Exercise goal:
Each line below from the one containing "Prix Corvisart - année" through the one containing "Percentage change in" is to be given again exactly, and no line outside that span.

Top of Dataset records

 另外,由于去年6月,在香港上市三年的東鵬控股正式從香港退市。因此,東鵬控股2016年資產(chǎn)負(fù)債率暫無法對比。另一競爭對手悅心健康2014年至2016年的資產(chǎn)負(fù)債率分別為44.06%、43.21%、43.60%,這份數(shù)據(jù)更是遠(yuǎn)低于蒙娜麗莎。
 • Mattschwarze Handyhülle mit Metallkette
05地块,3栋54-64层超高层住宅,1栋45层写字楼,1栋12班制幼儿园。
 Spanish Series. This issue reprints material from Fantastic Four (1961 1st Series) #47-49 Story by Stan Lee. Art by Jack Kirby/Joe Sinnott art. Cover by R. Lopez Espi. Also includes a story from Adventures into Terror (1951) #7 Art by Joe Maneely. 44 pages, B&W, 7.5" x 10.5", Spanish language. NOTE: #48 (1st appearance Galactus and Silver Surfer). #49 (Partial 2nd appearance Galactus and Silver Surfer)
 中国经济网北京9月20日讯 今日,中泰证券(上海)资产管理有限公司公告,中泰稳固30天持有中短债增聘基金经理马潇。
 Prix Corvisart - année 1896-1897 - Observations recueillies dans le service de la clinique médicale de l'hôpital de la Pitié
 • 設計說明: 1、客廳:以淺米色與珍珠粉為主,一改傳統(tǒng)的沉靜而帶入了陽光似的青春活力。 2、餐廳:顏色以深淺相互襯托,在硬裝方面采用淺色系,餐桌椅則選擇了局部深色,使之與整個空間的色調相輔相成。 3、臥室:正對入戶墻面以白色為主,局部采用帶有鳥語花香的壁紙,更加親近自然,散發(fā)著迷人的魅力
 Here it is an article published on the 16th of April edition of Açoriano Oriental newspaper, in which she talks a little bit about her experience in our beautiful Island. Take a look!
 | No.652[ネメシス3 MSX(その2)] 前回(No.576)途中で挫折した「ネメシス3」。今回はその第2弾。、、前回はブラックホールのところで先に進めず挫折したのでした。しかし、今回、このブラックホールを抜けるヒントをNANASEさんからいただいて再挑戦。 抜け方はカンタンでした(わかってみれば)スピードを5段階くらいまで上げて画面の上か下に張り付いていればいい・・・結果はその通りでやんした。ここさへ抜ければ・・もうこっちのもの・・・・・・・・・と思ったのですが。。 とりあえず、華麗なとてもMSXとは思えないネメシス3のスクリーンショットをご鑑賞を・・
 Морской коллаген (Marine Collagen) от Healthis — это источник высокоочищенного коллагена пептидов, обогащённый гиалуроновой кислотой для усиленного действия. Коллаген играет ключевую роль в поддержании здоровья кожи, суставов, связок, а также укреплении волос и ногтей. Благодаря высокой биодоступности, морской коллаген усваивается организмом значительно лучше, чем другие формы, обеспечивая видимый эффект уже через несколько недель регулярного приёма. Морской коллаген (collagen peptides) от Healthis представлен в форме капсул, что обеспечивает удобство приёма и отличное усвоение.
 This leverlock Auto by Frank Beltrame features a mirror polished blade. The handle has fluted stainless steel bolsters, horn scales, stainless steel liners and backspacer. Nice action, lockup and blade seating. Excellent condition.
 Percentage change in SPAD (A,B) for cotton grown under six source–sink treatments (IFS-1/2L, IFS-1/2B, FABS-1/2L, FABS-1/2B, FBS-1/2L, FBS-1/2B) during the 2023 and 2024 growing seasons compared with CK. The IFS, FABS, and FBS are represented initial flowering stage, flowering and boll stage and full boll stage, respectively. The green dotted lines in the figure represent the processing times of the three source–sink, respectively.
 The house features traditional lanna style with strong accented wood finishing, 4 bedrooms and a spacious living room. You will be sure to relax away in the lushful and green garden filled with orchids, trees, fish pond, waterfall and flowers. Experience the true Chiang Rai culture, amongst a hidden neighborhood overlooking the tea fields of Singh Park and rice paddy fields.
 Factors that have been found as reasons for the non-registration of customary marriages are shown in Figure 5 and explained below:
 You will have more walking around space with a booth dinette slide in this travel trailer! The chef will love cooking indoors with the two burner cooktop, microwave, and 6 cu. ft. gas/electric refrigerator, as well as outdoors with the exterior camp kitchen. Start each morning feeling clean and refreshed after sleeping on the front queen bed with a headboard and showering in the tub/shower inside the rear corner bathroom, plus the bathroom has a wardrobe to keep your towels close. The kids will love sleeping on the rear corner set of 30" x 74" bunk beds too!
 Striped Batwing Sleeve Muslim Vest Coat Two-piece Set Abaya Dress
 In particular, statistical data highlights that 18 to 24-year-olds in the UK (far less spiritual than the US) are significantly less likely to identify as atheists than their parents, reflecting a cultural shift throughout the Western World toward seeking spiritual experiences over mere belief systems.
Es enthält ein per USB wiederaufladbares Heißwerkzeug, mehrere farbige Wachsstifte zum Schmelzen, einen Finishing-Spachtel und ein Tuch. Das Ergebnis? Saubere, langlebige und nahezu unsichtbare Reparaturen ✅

Bottom of Dataset records

Solution for this task:
 Prix Corvisart - année 1896-1897 - Observations recueillies dans le service de la clinique médicale de l'hôpital de la Pitié
 • 設計說明: 1、客廳:以淺米色與珍珠粉為主,一改傳統(tǒng)的沉靜而帶入了陽光似的青春活力。 2、餐廳:顏色以深淺相互襯托,在硬裝方面采用淺色系,餐桌椅則選擇了局部深色,使之與整個空間的色調相輔相成。 3、臥室:正對入戶墻面以白色為主,局部采用帶有鳥語花香的壁紙,更加親近自然,散發(fā)著迷人的魅力
 Here it is an article published on the 16th of April edition of Açoriano Oriental newspaper, in which she talks a little bit about her experience in our beautiful Island. Take a look!
 | No.652[ネメシス3 MSX(その2)] 前回(No.576)途中で挫折した「ネメシス3」。今回はその第2弾。、、前回はブラックホールのところで先に進めず挫折したのでした。しかし、今回、このブラックホールを抜けるヒントをNANASEさんからいただいて再挑戦。 抜け方はカンタンでした(わかってみれば)スピードを5段階くらいまで上げて画面の上か下に張り付いていればいい・・・結果はその通りでやんした。ここさへ抜ければ・・もうこっちのもの・・・・・・・・・と思ったのですが。。 とりあえず、華麗なとてもMSXとは思えないネメシス3のスクリーンショットをご鑑賞を・・
 Морской коллаген (Marine Collagen) от Healthis — это источник высокоочищенного коллагена пептидов, обогащённый гиалуроновой кислотой для усиленного действия. Коллаген играет ключевую роль в поддержании здоровья кожи, суставов, связок, а также укреплении волос и ногтей. Благодаря высокой биодоступности, морской коллаген усваивается организмом значительно лучше, чем другие формы, обеспечивая видимый эффект уже через несколько недель регулярного приёма. Морской коллаген (collagen peptides) от Healthis представлен в форме капсул, что обеспечивает удобство приёма и отличное усвоение.
 This leverlock Auto by Frank Beltrame features a mirror polished blade. The handle has fluted stainless steel bolsters, horn scales, stainless steel liners and backspacer. Nice action, lockup and blade seating. Excellent condition.
 Percentage change in SPAD (A,B) for cotton grown under six source–sink treatments (IFS-1/2L, IFS-1/2B, FABS-1/2L, FABS-1/2B, FBS-1/2L, FBS-1/2B) during the 2023 and 2024 growing seasons compared with CK. The IFS, FABS, and FBS are represented initial flowering stage, flowering and boll stage and full boll stage, respectively. The green dotted lines in the figure represent the processing times of the three source–sink, respectively.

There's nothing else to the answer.